= Richard Lewis Spencer =

American singer, musician, teacher (1942–2020)

Richard Lewis Spencer (May 3, 1942 – December 27, 2020) was an American funk and soul singer, musician, and teacher. He played tenor saxophone in Otis Redding's band, behind Curtis Mayfield and the Impressions with the Winstons. He was awarded the Grammy Award (R&B Songwriter of the Year 1969) for his composition "Color Him Father". Spencer wrote "Color Him Father" and sang the mega-hit with the Winstons on Metromedia Records. He also led the band during the period during which its drummer, Gregory Coleman, composed and performed the Amen break, the most sampled drum break in music history.

==Early life==
Spencer was a Wadesboro, North Carolina native who, at the ages of 11 and 12, studied classical piano at the famed Beckwith Piano School in Charlotte, North Carolina. At the age of 13, he became the organist and pianist for the late Bishop J.H. Sherman of The Church of God in Christ.

==Music career==
In 1962, Spencer moved to Washington, D.C., where he worked with various bar bands including recording with Leroy Taylor and the 4k's as one of the first acts to sign with historic Shrine Records.

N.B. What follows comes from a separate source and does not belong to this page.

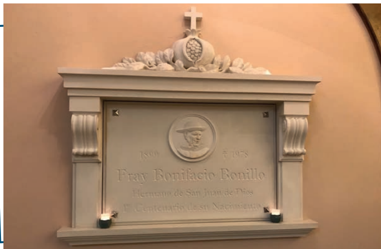
Tumba del Siervo de Dios en la Iglesia del Hospital San Juan de Dios de Córdoba, después del traslado en 1999.
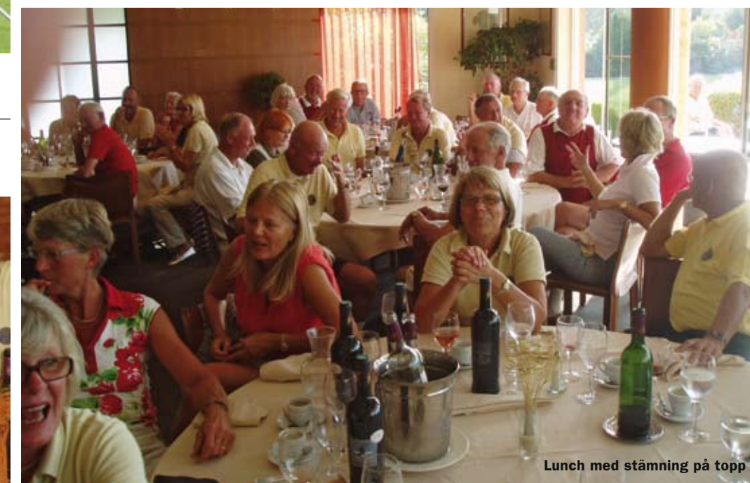
Lunch med stämning på topp

In 1969, Spencer was bandleader for the Winstons, an R&B group from Washington, D.C., whose song "Color Him Father" became a hit. The recording reached No. 4 on the Billboard Hot 100 and No. 1 on the Billboard R&B chart. For the B-side, the Winstons recorded "Amen, Brother", an instrumental interpretation of the gospel standard "Amen". The drum break in the song has become widely known as the Amen break, and has been called "the most sampled song of all time".

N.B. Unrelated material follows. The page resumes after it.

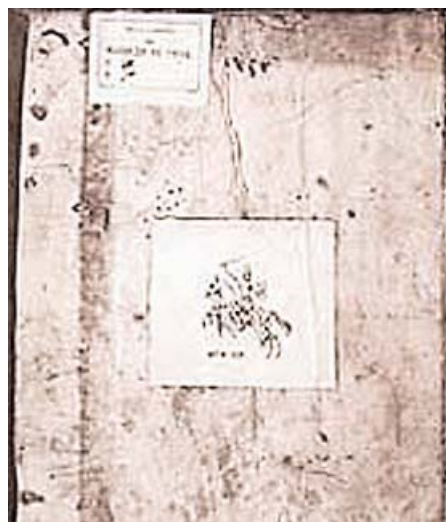
Original del Cantar del Mio Cid

Un total de cinco apartados recorrerán las diferentes etapas de la vida de este personaje tan importante. El primero lleva por título 'Ego Ruderico' y pretende situar al visitante ante la figura del Cid, sirviéndose de abundante material infográfico y

Spencer never received royalties for use of the "Amen break" and condemned its sampling as plagiarism. However, in 2015, he said: "It's not the worst thing that can happen to you. I'm a black man in America and the fact that someone wants to use something I created - that's flattering." He nevertheless condemned the way the plagiarism had helped to leave Gregory Coleman, the drummer and original composer of the break, homeless and destitute, leading to Coleman's death on the streets in 2006. In 2015, a GoFundMe campaign set up by British DJ Steve Theobald raised £24,000 (US$37,000) to compensate Spencer for the lack of royalties.

Spencer left the music business in 1970. He returned to college to study at the University of the District of Columbia where he received a B.A. in political science and a M.S. in labor management relations. He studied for a M.Ed. at the University of Phoenix and the University of North Carolina, and completed the course work for a Ph.D. at Howard University. Spencer retired from the Washington Metro system in 2000, and became a licensed Baptist Minister and high school teacher in Montgomery County, Maryland. In March 2015, Spencer was selected and received the prestigious "North Carolina Music Hall of Fame" and "DC Legendary Musicians Award".

==Writing==
Spencer published his first novel, The Molasses Tree: A Southern Love Story, in 2003 (Lulu).

==Personal life==
Spencer was separated from Angela Boatright, who co-authored The Heir (Xlibris). He had one son, Richard L. Spencer III.

==Death==
Spencer died on December 27, 2020, at the age of 78.